Distinguishing yours from theirs
The most common false alarm is your own AirTag. The diagnostic question is always does the tracker move with you? Use Hunt to confirm whether the same device reappears wherever you go; a tracker you carry every day will, but so will the AirTag on your own keys, so cross-reference against your known trackers before treating it as a follower.
What separated mode tells you
A tracker in "separated from owner" mode is broadcasting more aggressively than a tracker that's near its owner, typically every 2 seconds vs every 30+ seconds.
In the device detail you'll see:
findmy_separatedalert fired- Adv interval ~2000 ms (not the longer idle interval)
- The Find My state byte indicating separated mode
Persistent separated mode for many hours means the tracker has been away from its owner for that whole time. That's the situation that triggers multi_hour_follower.
A tracker fluctuating between separated and near-owner suggests its owner is moving in and out of range, they're nearby but maybe in a different room.
Common false positives
| Scenario | What you see | Why it's not a stalker |
|---|---|---|
| AirTag forgotten in a public place | Persistent separated mode | The owner lost it, not you. Walk away, the alert won't follow. |
| Neighbor's AirTag through the wall | Steady RSSI, doesn't move with you | It's static; you're moving past it. |
| AirTag in your car when you're not driving | Mostly separated | It's tagged to your vehicle, one of your own trackers. |
| Conference / co-working space trackers | Multiple trackers, all separated | High-density public spaces have lots of forgotten trackers. |
The diagnostic question: does the tracker move with you? Use Hunt to lock onto it, then check whether the same device reappears in a different location. If yes, it's following. If only one, it's stationary.

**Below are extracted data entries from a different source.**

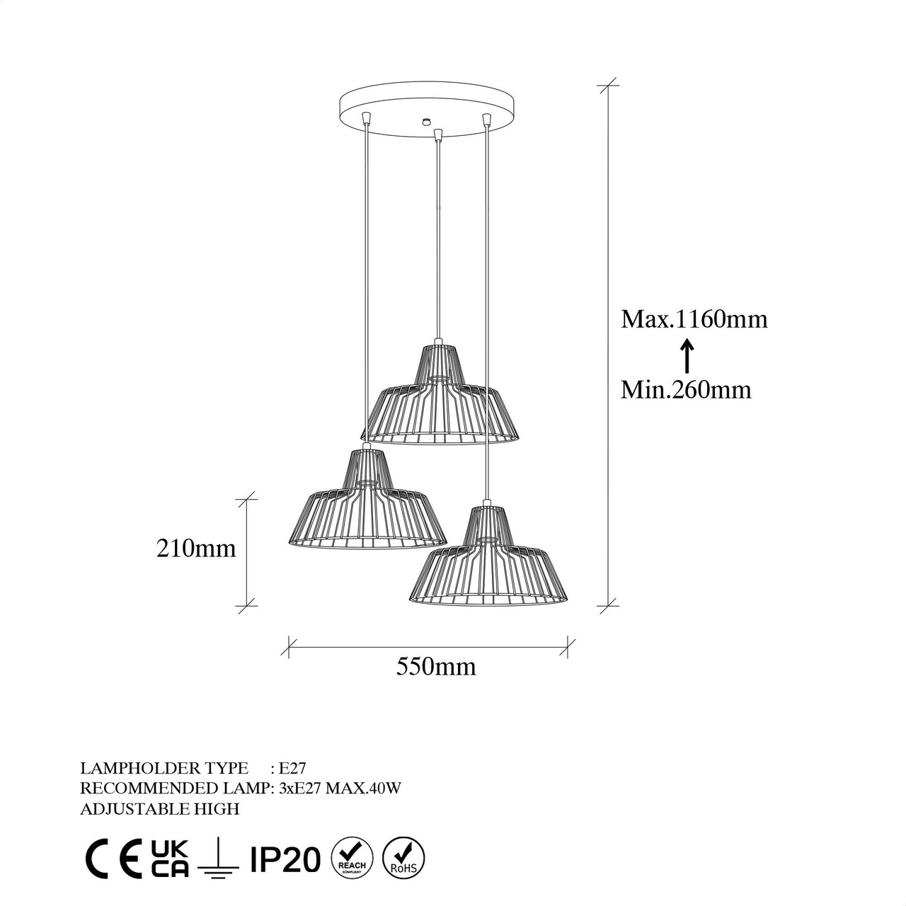Lustra, Fulgor, 942FLG1445, Metal, Negru/Maro antic
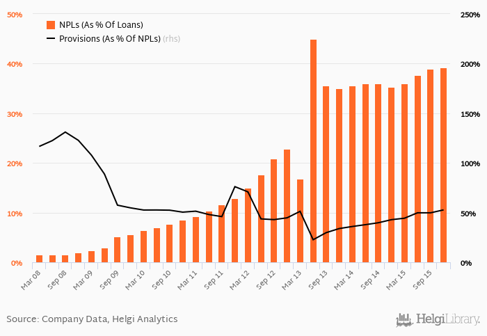 Provision coverage amounted to 52.7% at the end of 2015-12-31, up from 42.9% compared to a year earlier.
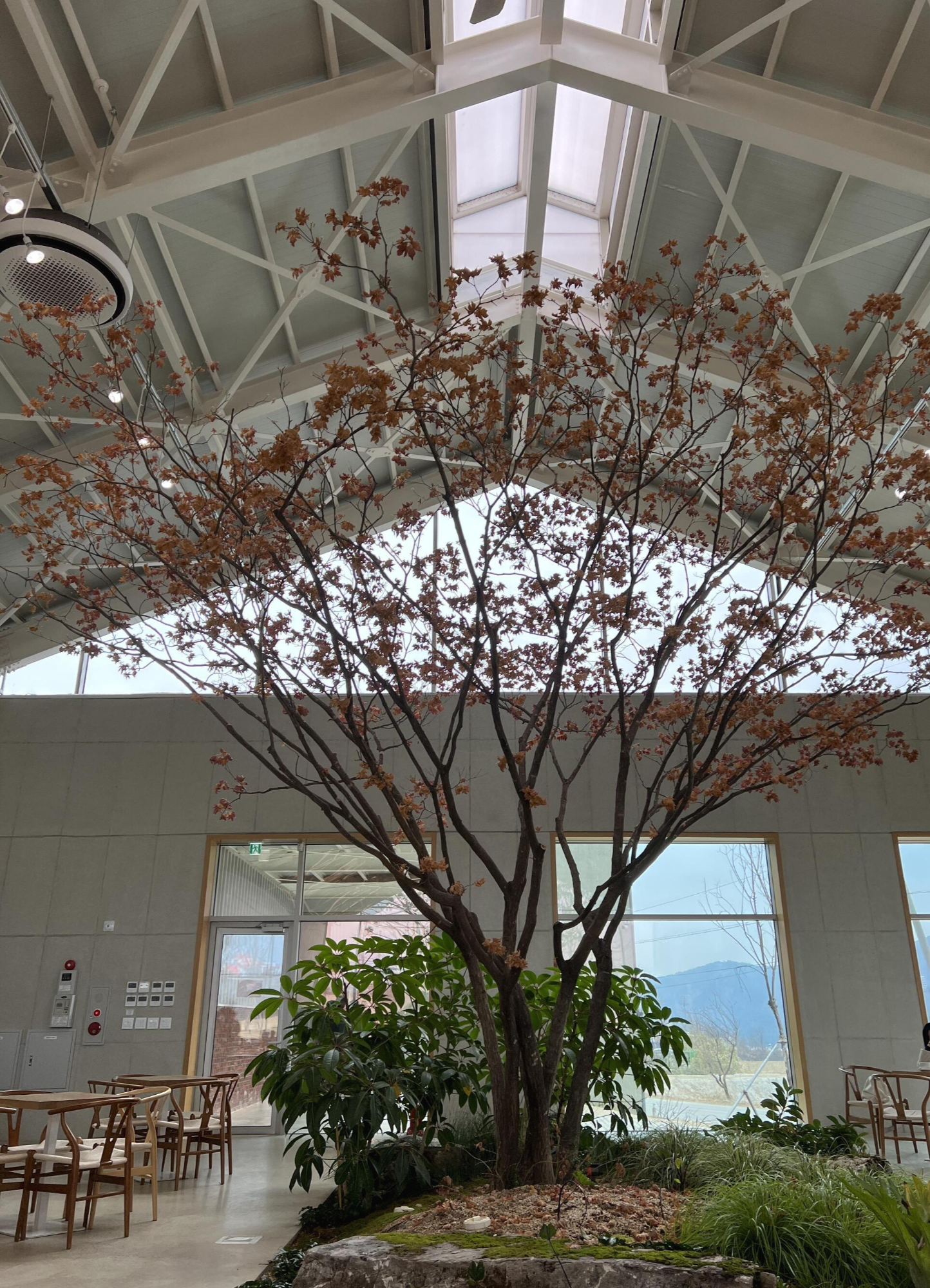 이 나무가 시드누아 속초점에 인스타 사진 포인트더라구요. 뒤에는 설악산이 보이고 나무는 계절마다 색깔이 변한다고 하더라구요. 실내에 있고 바람이 안불어서 단풍이 그대로 매달려 있는데 신기하더라구요.
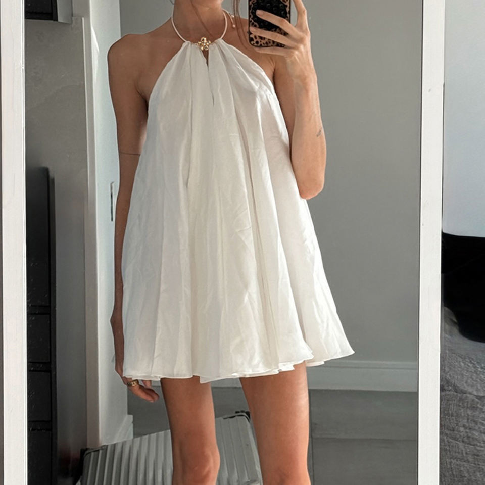 เดรสทรงเอลายดอกไม้ฝรั่งเศสประดับห่วงโลหะ ดีไซน์หรูหราทันสมัย เหมาะสำหรับวันหยุดพักผ่อนและงานปาร์ตี้
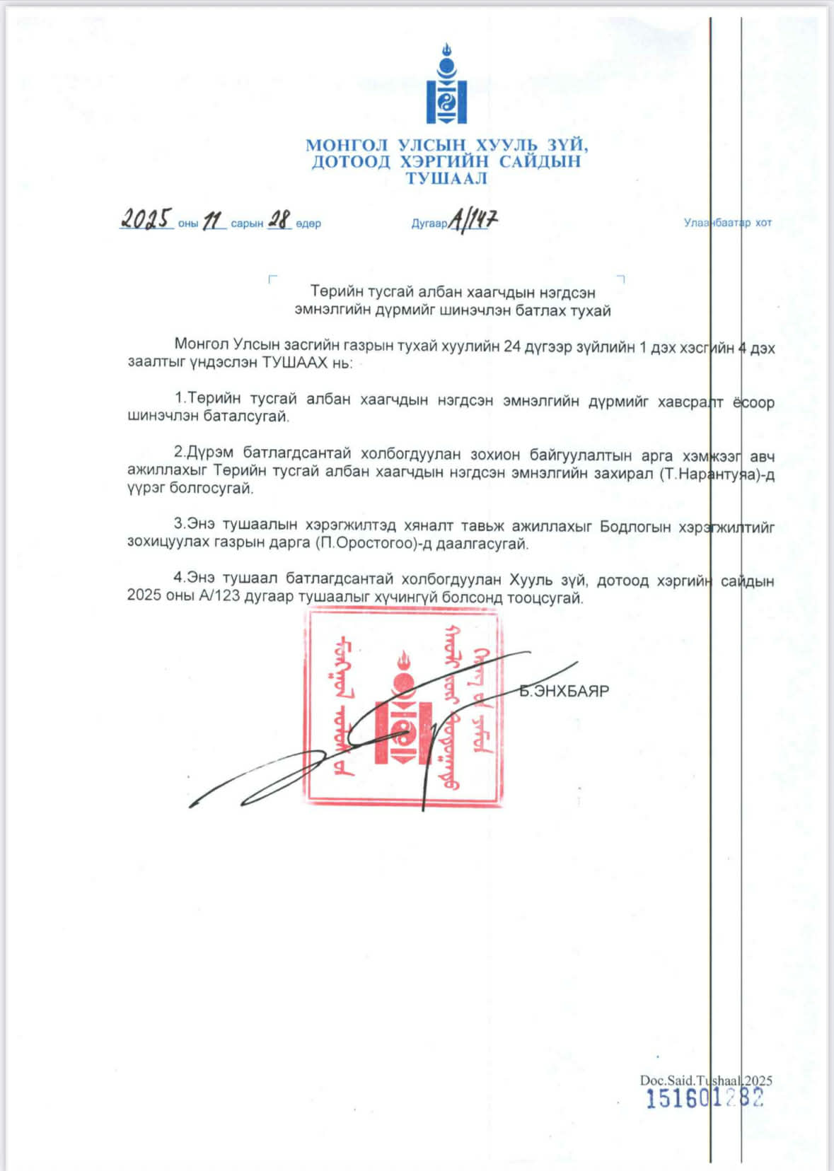 Ёс зүйн ДЕЛО: ХЗДХ-ийн хошой сайд Б.Энхбаяр төрийн тусгай албадыг самарч эхэллээ
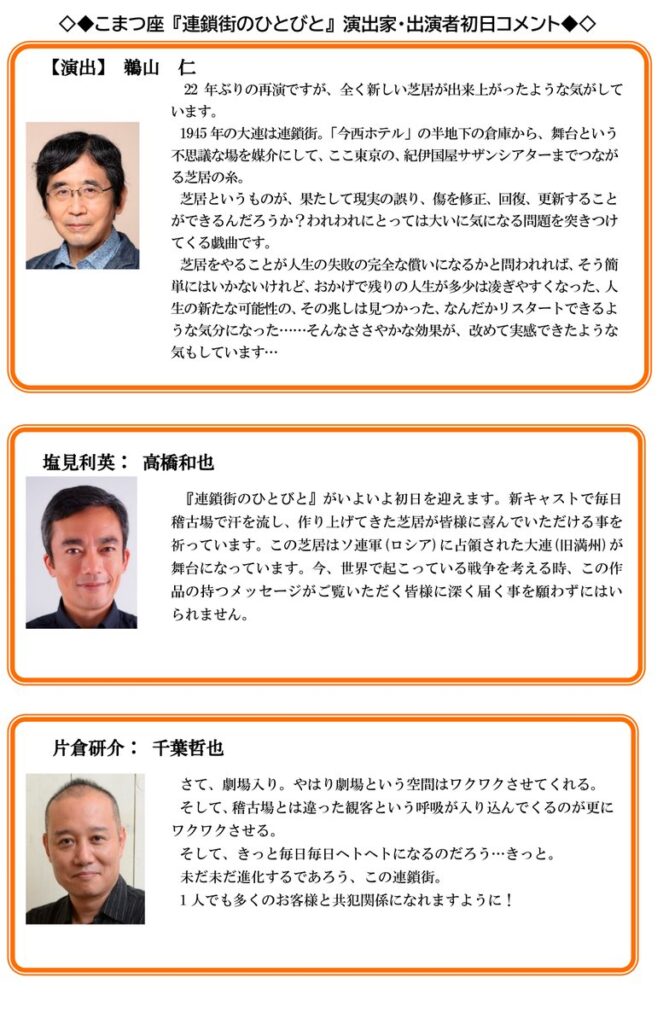 『#連鎖街のひとびと』🍎 初日を迎えた演出の #鵜山仁 さん、 ご出演の #高橋和也 ... -
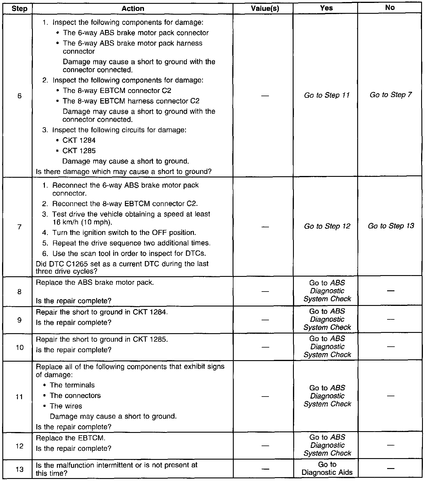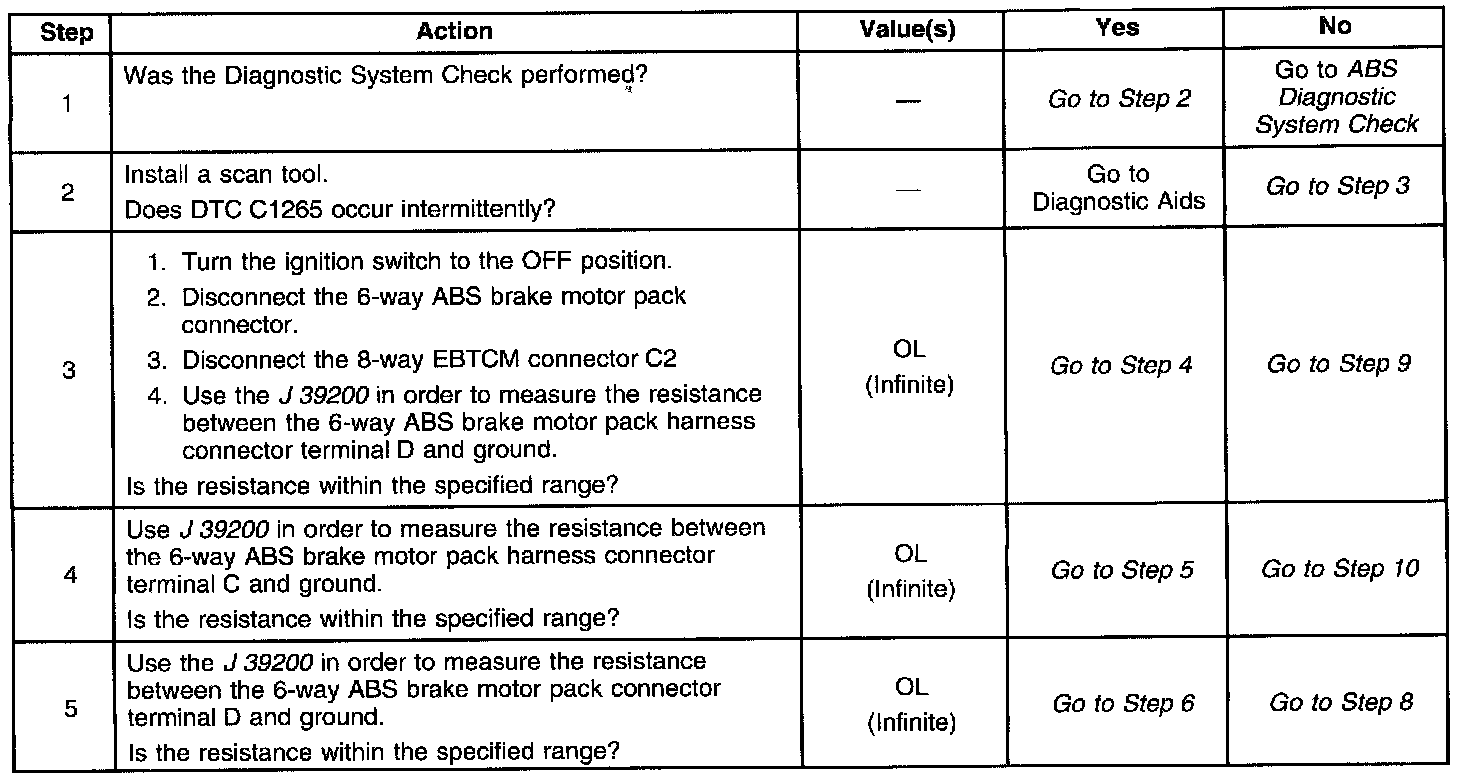 DTC 1265 identifies an ABS motor circuit that shorts to ground. The malfunction will cause one of the following conditions to occur:
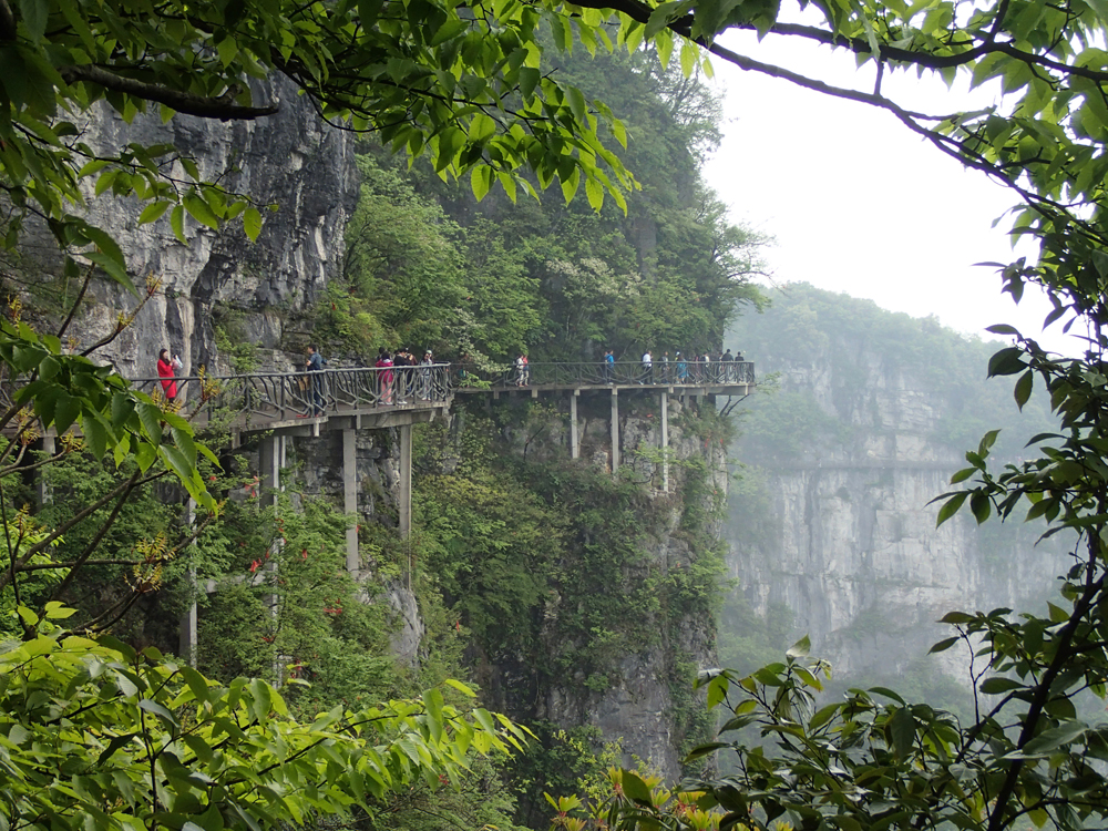 Ты платишь дополнительные пять юаней, на тебя одевают мягкие красные тапочки — и вперед. Многие очень боятся этой дорожки и не могут идти по стеклу. Слева есть каменный карниз сантиметров в 20 шириной, и вот народ к нему прилипает. А мне лишь бы руками было за что схватиться, а так совсем не страшно. Я же понимаю, что остальные дорожки на этой горе так же висят в воздухе на искусственных опорах, как и эта. Ну и что, что вместо камня — стекло...

What about Apple's built-in detection?
Modern iPhones detect AirTags following you through iOS's "Items Found Moving With You" feature. AirLeak's detection is complementary, not a replacement:
| AirLeak | iOS built-in |
|---|---|
| Detects AirTag, Tile, SmartTag, FMDN | AirTag and Find My accessories only |
| Surfaces forensic detail (MACs, RSSIs, timestamps) you can read live | Just an alert |
| Works alongside any phone via the app | Requires iPhone, Apple ID |
| Includes a built-in proximity locator (Hunt) | Locates via Find My |
For Tile and SmartTag, AirLeak is one of the few tools available to consumers.
Reading the tracker's broadcast in detail
Open a tracker's device detail page. The Identifiers and Find My sections show the tracker's:
- Fingerprint (stable across MAC rotation)
- Public-key prefix (for AirTags / Find My accessories)
- Separated state and UTP (unwanted-tracking-protection) flag
- Vendor / Service UUID
Together with its persistent observation count, this is what backs the tracker alerts.
A single multi_hour_follower alert is rarely a stalker. Forgotten trackers in public places are common. If the alert fires, walk to a different location and come back. If the same tracker reappears wherever you go, that's when to act.